Le lendemain, j’étais bien installé dans le camion qui partait pour la ville. Nous étions partis tous les deux pour le meilleur et pour le pire mais je n’imaginais pas devoir connaître le pire avec elle. Après un trajet long et chaotique, Joséphine m’avait tout de suite placé dans le garage où j’allais élire domicile. Ma nouvelle condition ne me plaisait pas. J’étais la plupart du temps seul dans le noir, et je m’ennuyais. Je manquais de lumière et de présence humaine. Elle venait me voir après sa journée de travail mais, trop fatiguée, elle ne restait pas longtemps.
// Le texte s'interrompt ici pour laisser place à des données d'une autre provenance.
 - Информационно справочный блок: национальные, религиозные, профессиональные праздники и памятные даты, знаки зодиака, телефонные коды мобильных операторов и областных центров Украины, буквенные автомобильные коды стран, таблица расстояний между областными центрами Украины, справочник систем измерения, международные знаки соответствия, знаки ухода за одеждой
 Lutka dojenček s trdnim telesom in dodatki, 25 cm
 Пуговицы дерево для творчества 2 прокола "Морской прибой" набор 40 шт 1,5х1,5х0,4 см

Elle me donnait en résumé des nouvelles de la famille mais ne s’attardait pas sur sa vie, comme si elle ne me faisait plus confiance. J’étais au cachot et mes rares visites n’étaient pas suffisantes pour me remonter le moral. Elle ne me brossait plus, ne me caressait plus et ne me sortait plus. Elle avait encore de l’affection pour moi, mais je savais que l’autre l’attendait et qu’elle lui cachait mon existence. Je pensais à la ferme et j’en venais même à regretter l’odeur du purin. Je n’avais rien à faire dans cet endroit sordide, qui n’attirait même pas les souris. Se souciait-elle de mon sort ou éprouvait-elle de la pitié ? Un samedi soir, elle vînt me chercher pour m’emmener dans sa chambre, pièce qui m’avait toujours été refusée auparavant. L’autre était assis sur le lit en sous-vêtements. Interdit, il me regarda avec mépris. Le choc de notre rencontre passé, il se mit à rire si fort que j’en avais les larmes aux yeux. Je devenais l’objet d’une farce et je compris avec horreur que je venais de perdre Joséphine.
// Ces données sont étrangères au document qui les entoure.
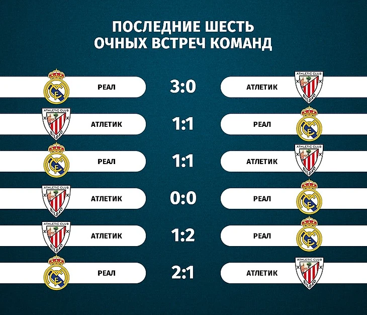 Мадридцы уверенно возглавляют таблицу xG (35,58), но вот с реализацией не все в порядке, они забили меньше своих прямых конкурентов («Барсы») на десять мячей. Это серьезное отставание. Вообще, более трёх голов в играх между «Атлетиком» и «Реалом» не забивалось уже почти четыре года. Вот последние шесть встреч между ними:

Sans prendre ma défense, elle me déposa sur sa coiffeuse, la tête tournée vers le miroir. Elle avait allumé les petites lampes qui surplombaient le meuble pour vaincre la pénombre qui s’insinuait dans la chambre. C’est à ce moment-là que je vis pour la première fois depuis longtemps mon reflet. Je n’avais pas beaucoup vieilli. Ma crinière était toujours rose pâle et ma robe mauve. Sur mes flancs, j’avais encore les deux arcs-en-ciel qui plaisent tant aux petites filles. J’admirais le toupet juvénile qui peinait à rester en place. J’avais perdu mes paillettes et j’étais un peu moins brillant. Mais je savais que j’allais encore pouvoir plaire à quelqu’un. Le soir était définitivement tombé. Elle avait enfilé son gilet de laine qui la rendait sévère et avait attrapé les clés de sa voiture. Doucement, elle caressa ma crinière. Elle me prit par le collet le temps d’ouvrir la porte d’entrée. Avant de mettre la clé dans le contact, elle me plaça sur le tableau de bord. J’avais tout le loisir de l’admirer et me forçait à profiter du moment présent. Elle resta muette tout le trajet. Je savais où elle m’emmenait. Elle n’avait pas eu besoin de me le dire. Il n’y avait qu’un endroit possible. Elle me déposa délicatement à l’orée du bois de Saint Jeaut, exactement au même endroit où une autre femme m’y avait déposée quinze ans auparavant. Je n’avais plus peur des mauvais esprits ou des êtres maléfiques. J’avais eu le temps d’apprivoiser la forêt et j’avais visité tous les recoins sans jamais rencontrer le moindre danger. J’aurais pu craindre d’être abandonné pour toujours. Mais je savais que je n’avais qu’à attendre, deux jours et deux nuits tout au plus. Une petite fille viendrait me chercher pour jouer avec moi.